= Sigma Motor Corporation =

South African automotive manufacturer

The Sigma Motor Corporation was a South African motor vehicle assembler and distributor. It operated under the Sigma name until 1985 and was based in Silverton, Pretoria. Among the vehicles sold were various models of Mazda, Mitsubishi, Peugeot and Citroën.

==History==
The Silverton Assembly Plant was originally built in 1961 for Chrysler, and assembled Chrysler Valiants. Chrysler sold its 25% shareholding in January 1983 with the remaining shares being held by Anglo American. Earlier, Leyland had approached Sigma about using one of its engines for the Rover V8. In 1978, there were proposals for Sigma to merge with British Leyland's South African subsidiary in 1979, to form a company called "Sigma Leyland", in which Sigma would have 51 per cent of shares and British Leyland 49 per cent. However, the deal fell through almost immediately. This left Leyland South Africa without a dealer network.
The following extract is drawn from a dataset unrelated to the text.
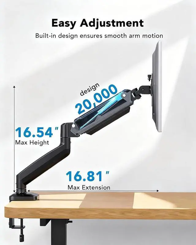 Ergonomic Comfort: This single monitor mount features a gas spring system for smooth adjustments, allowing you to easily adjust the height and extension with just one hand. Extend the arm (up to 16.81) forward and raise it (up to 16.54) to bring the screen closer to your eye level, reducing neck strain and promoting better posture for all-day comfort.
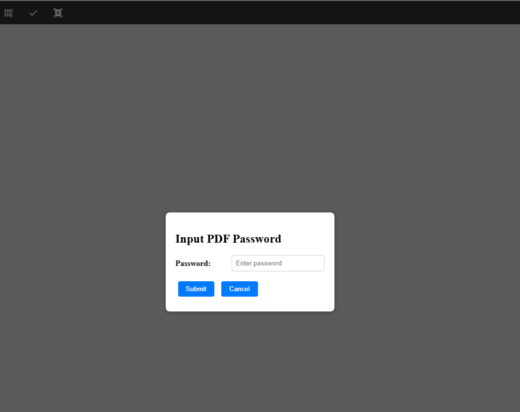 index.html:<div id="password-input" class="overlay"> <div class="popup"> <h2>Input PDF Password</h2> <form id="passwordForm"> <div class="form-group"> <label for="password">Password:</label> <input type="password" id="pdfpassword" name="pdfpassword" placeholder="Enter password" required> </div> <div class="popup-buttons"> <button type="button" id="submitPassword">Submit</button> <button type="button" id="cancelPassword">Cancel</button> </div> </form> </div> </div> -

Peugeot and Citroën South Africa (PACSA) was taken over by Sigma in early 1979 and French car production was moved from the former PACSA plant in Natalspruit near Alberton to their "Sigma Park" plant east of Pretoria. Sigma's Mazda and Peugeot light commercials were briefly assembled by Sigma Leyland at Blackheath, Cape Town.

==Products==
Sigma made great efforts to develop local models, not sold elsewhere in the world. In their first three years, they developed three such models: the Mitsubishi-engined Mazda 323 GLC 1.6, the luxurious Chrysler L-series, and the 2.6-litre Colt Galant. Sigma also sometimes had to choose between Mitsubishi and Mazda products, since the market was limited and local content laws made small production runs uneconomical. For instance, the second generation Mazda Capella was never offered in South Africa, as Sigma chose to build the Colt Galant instead.

It is unclear what models were actually assembled at the Silverton Assembly Plant. Some models may have been imported rather than locally assembled. In 1982, models listed for sale were:

| Model | Local Price (ZAR) |
|---|---|
| Mazda 323 1.3/1.5/1.5 AT/S/SL/SLX | R7,220 - R9,450 |
| Mazda RX-7 (probably imported) | R27,000 |
| Mitsubishi Colt 1600/2000/2000 AT/2600/2600 AT | R8,795 - R11,995 |
| Peugeot 305 Sedan/GR/ST | R8,600 - R9,630 |
| Peugeot 504 GR/GR SW/Super 7 | R8,910 - R11,030 |
| Peugeot 505 SR/SR AT/STI/STI AT | R11,875 - R15,700 |
| Citroën CX2400 Prestige (probably imported) | R38,000 |
| Mazda B-Series 1600/2000 | R6,595 - R8,050 |
| Mazda trucks T2000 petrol /T3000 diesel | R10,450 - R13,050 |
| Mitsubishi Canter L300 van/minibus | R10,115 - R11,355 |
| Peugeot trucks Canter SWB/LWB | R12,550 - R13,150 |

By January 1984, Mazda 626 and Mitsubishi Tredia models had been added to the line-up, together with additional variants of the 323, L300 and B-Series (B2200). The Canter trucks were then badged as Mitsubishi rather than Peugeot.

In May 1984, the Mitsubishi Starion EX was added at R31,995.

==Successor==
In 1984, after undergoing losses over the past two years, Sigma was restructured into a new company known as Amcar. The following year, it was merged with Ford South Africa to create the South African Motor Corporation (Pty) Ltd., known as Samcor for short. In 1988, Ford Canada divested its equity interest in Samcor and donated most of it to the Samcor Employees' Trust. However, Samcor continued to build Ford as well as Mazda and Mitsubishi products. In 1993, with sanctions being lifted in anticipation of the end of apartheid, Ford Motor Company acquired a 45 per cent stake in Samcor. In 2000, it completed a buyout of Samcor shares and renamed the company Ford Motor Company of Southern Africa (FMCSA). As of 2015, FMCSA still operates from the same site in Silverton.

==Slogan==
The slogan "Quality First" was used in advertising.